EXERCISE DESCRIPTION ::
Quote the records exactly, starting at the first line and stopping after the line with "说明:如第一种错收情况是友1"; skip the pictures.

[TASK MATERIAL]

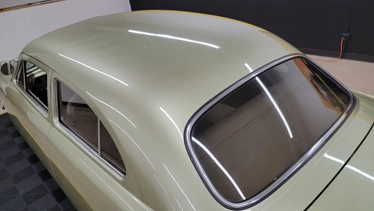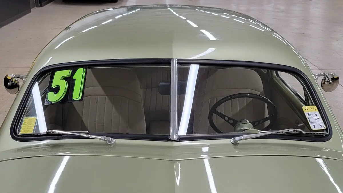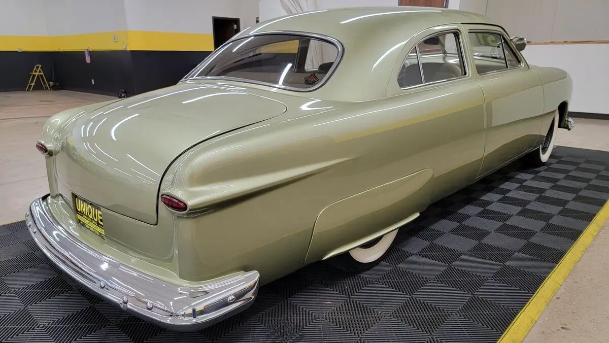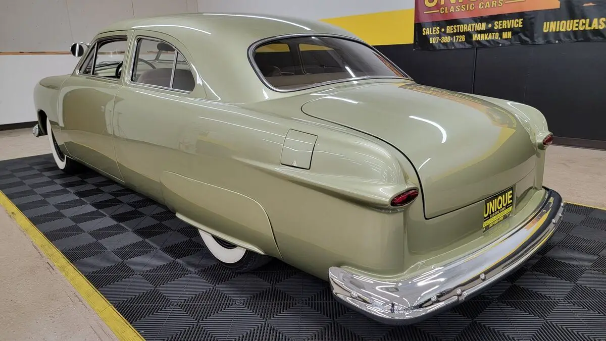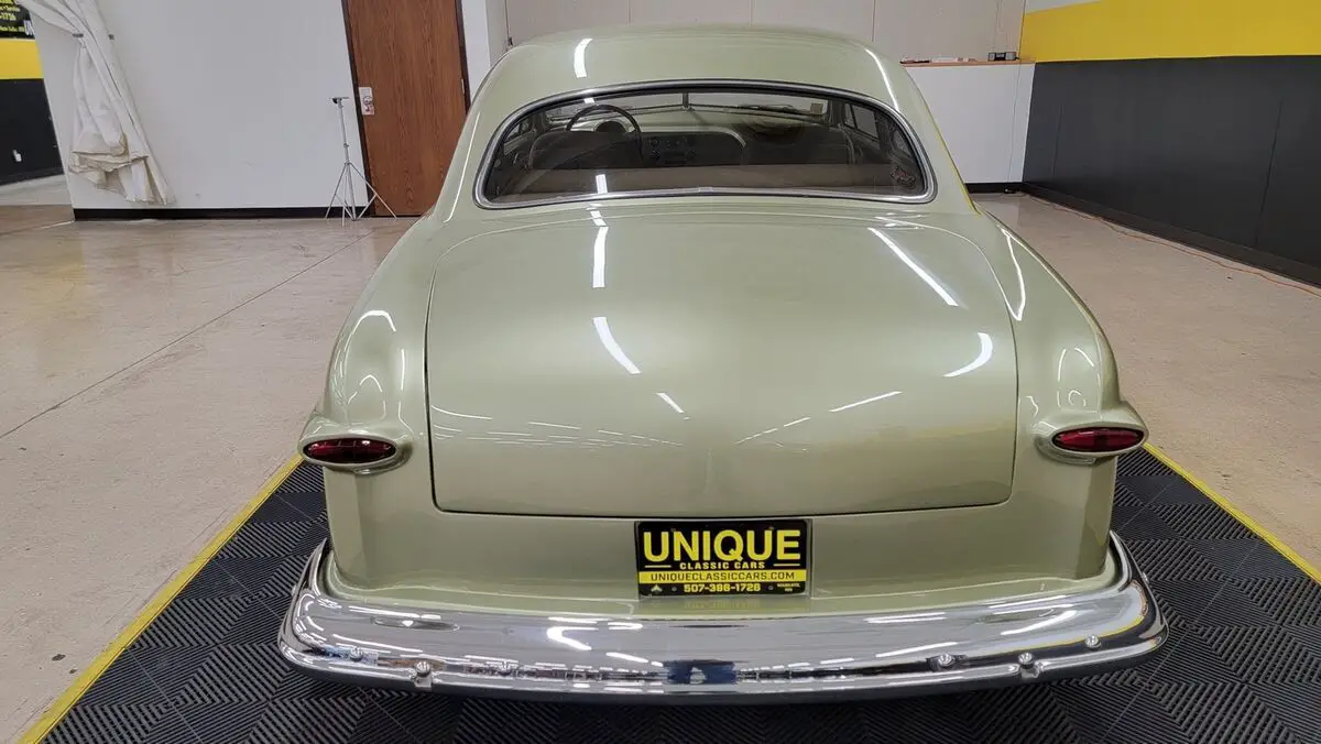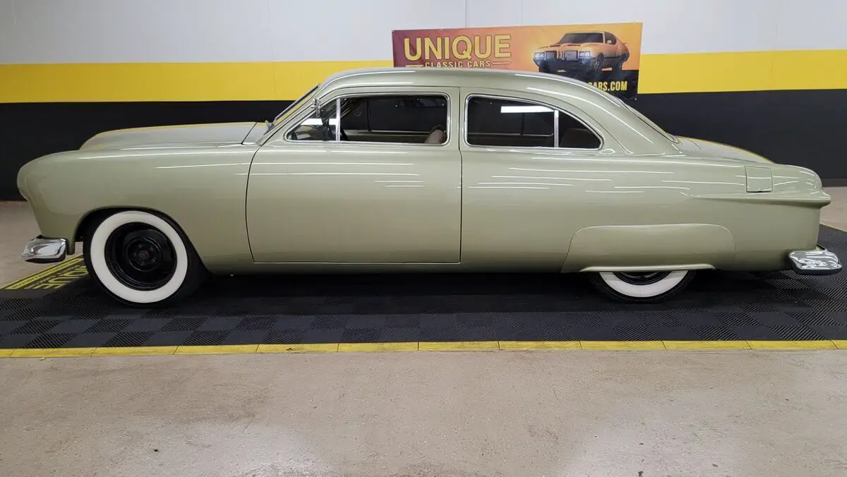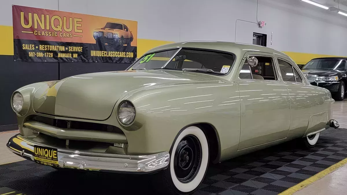 1951 Ford Custom in light green paint. Flathead V8 under the hood with a 3-speed manual transmission. Chrome bumpers look good with the painted front grille. Frenched in headlights and tail lights as well as all emblem removed. Door handles have been shaved and replaced with door poppers activated via key fob. There are a few spots in the in the hood where the paint has some checking, see still photos. Riding on painted black steel wheels with wide white walls, rear fender skirts included. An extra set of wheel covers will be included with purchase as well as a full size spare. Custom neutral cloth/vinyl bucket seat interior with aftermarket gauge cluster and stereo added. Equipped with electric fan and electric fuel pump. Fuel pump switch is under the dash.
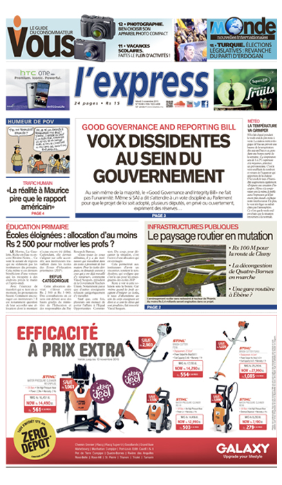 En Une de l’express, ce mardi 3 novembre: La polémique autour du Good Governance Bill enfle. Le projet de loi de Roshi Bhadain ne fait pas l’unanimité et cela, au sein même du gouvernement. Autres titres : Le paysage routier en mutation dans plusieurs régions de l'île et Écoles primaires éloignées: allocation d’au moins Rs 2 500 pour motiver les profs ?
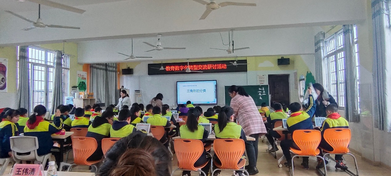 活动议程第二部分,王伟清教授和同学们一起观摩了由金庭学校教师主讲的数学和语文智慧课堂平板教学公开课——《三角形的分类》(郭茜老师)和《红楼春趣》(黄依祎老师)。
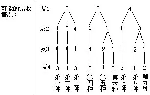 说明:如第一种错收情况是友1得2号信,友2得了1号信,友3得了4号信,友4得了3号信。
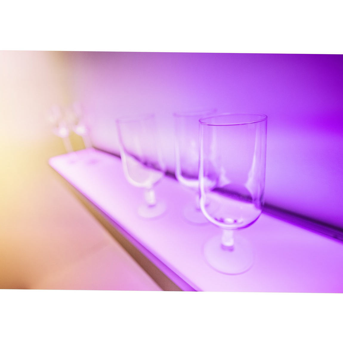 The NEW FLAT wall-mounted light is an intelligent light solution for homes, hotels, restaurants, cafés, and shops. Thanks to the ZigBee ® 3.0 standard, it is compatible with many smart home systems as well as the SLV VALETO® system.; It can therefore easily be controlled via remote control, app, or voice command. Thanks to its choice of colours, it can produce lighting to suit the mood. The blend of direct and indirect lighting ensures that it is perceived as exceptionally pleasant. It also features a winning design: the light features a load capacity of up to 3kg, and can therefore be used as a shelf. With its flat shape, this aluminium light in the NEW FLAT series cuts a slim figure on any wall.;
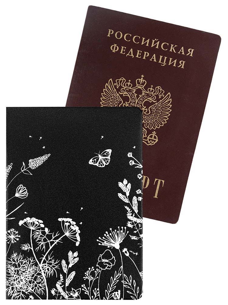 Обложка на паспорт Полевые цветы ч/б ПВХ ОП-0664
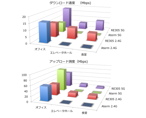 アップロードの方も似た状況で、オフィス内ではAtermとRE305は2.4GHzで50Mbps前後、5GHzで60〜90Mbpsの互角の速度を出している。エレベータホールや食堂に移動すると、Atermはまったくつながらなくなるが、RE305は6〜16Mbpsというそこそこの速度を出してくれる。
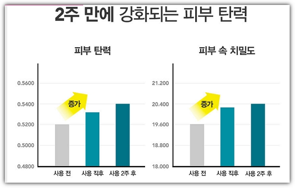 크림 사용후 2주만에 피부탄력과 피부 속 치밀도가 개선되었음을 확인
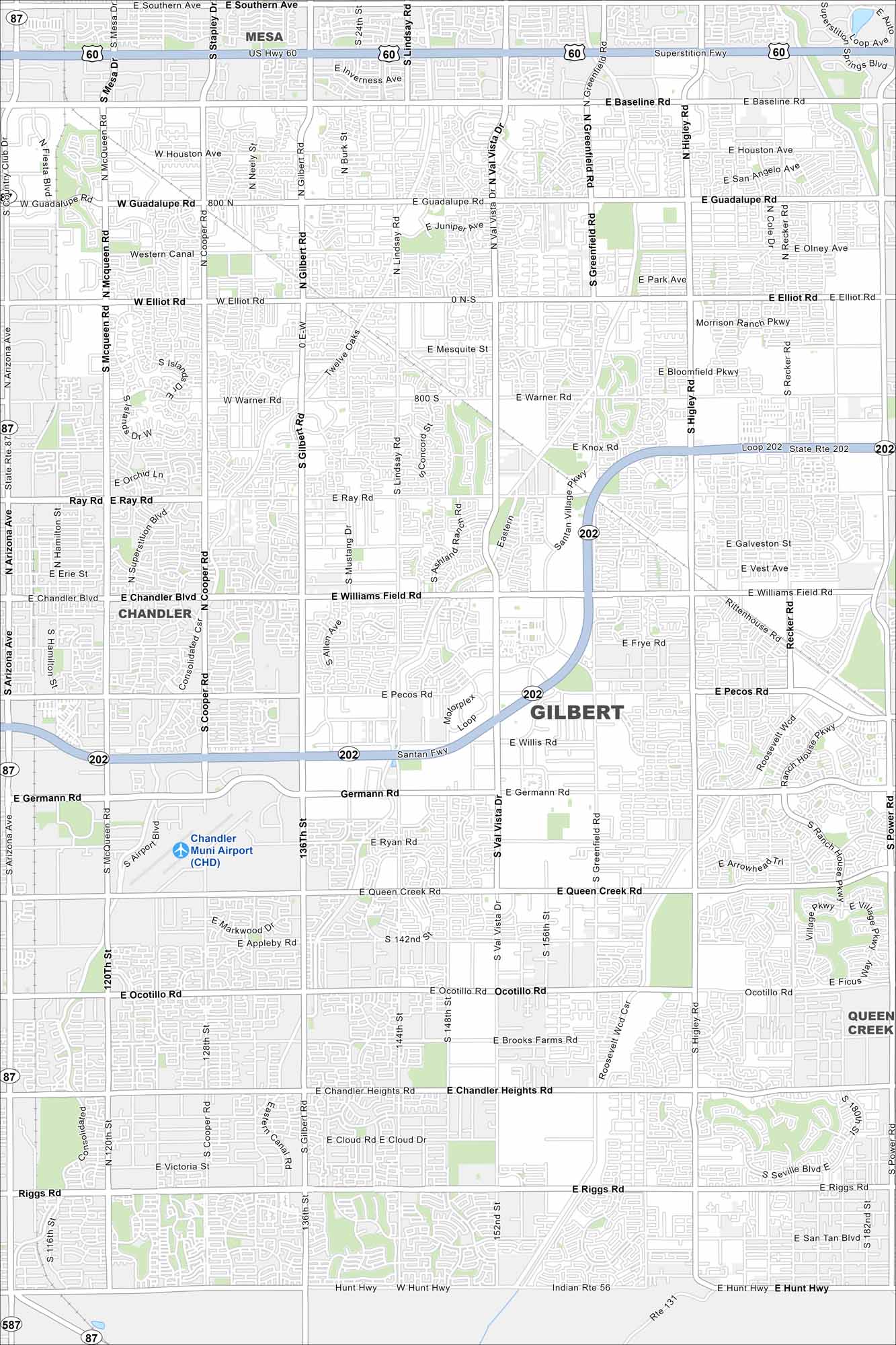 Our map of Gilbert, Arizona, shows a fast-growing suburb southeast of Phoenix. It was once recognized as the “Hay Shipping Capital of the World” back in the early 1900s.
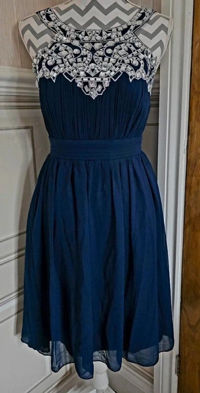 View Vinted's returns policyGorgeous navy blue chiffon cocktail dress from Quiz. Features jewel detailing on the top front and a shirred elasticated back for comfort. Perfect for evening events or special occasions.

[/TASK MATERIAL]

EXERCISE SOLUTION ::
 1951 Ford Custom in light green paint. Flathead V8 under the hood with a 3-speed manual transmission. Chrome bumpers look good with the painted front grille. Frenched in headlights and tail lights as well as all emblem removed. Door handles have been shaved and replaced with door poppers activated via key fob. There are a few spots in the in the hood where the paint has some checking, see still photos. Riding on painted black steel wheels with wide white walls, rear fender skirts included. An extra set of wheel covers will be included with purchase as well as a full size spare. Custom neutral cloth/vinyl bucket seat interior with aftermarket gauge cluster and stereo added. Equipped with electric fan and electric fuel pump. Fuel pump switch is under the dash.
 En Une de l’express, ce mardi 3 novembre: La polémique autour du Good Governance Bill enfle. Le projet de loi de Roshi Bhadain ne fait pas l’unanimité et cela, au sein même du gouvernement. Autres titres : Le paysage routier en mutation dans plusieurs régions de l'île et Écoles primaires éloignées: allocation d’au moins Rs 2 500 pour motiver les profs ?
 活动议程第二部分,王伟清教授和同学们一起观摩了由金庭学校教师主讲的数学和语文智慧课堂平板教学公开课——《三角形的分类》(郭茜老师)和《红楼春趣》(黄依祎老师)。
 说明:如第一种错收情况是友1得2号信,友2得了1号信,友3得了4号信,友4得了3号信。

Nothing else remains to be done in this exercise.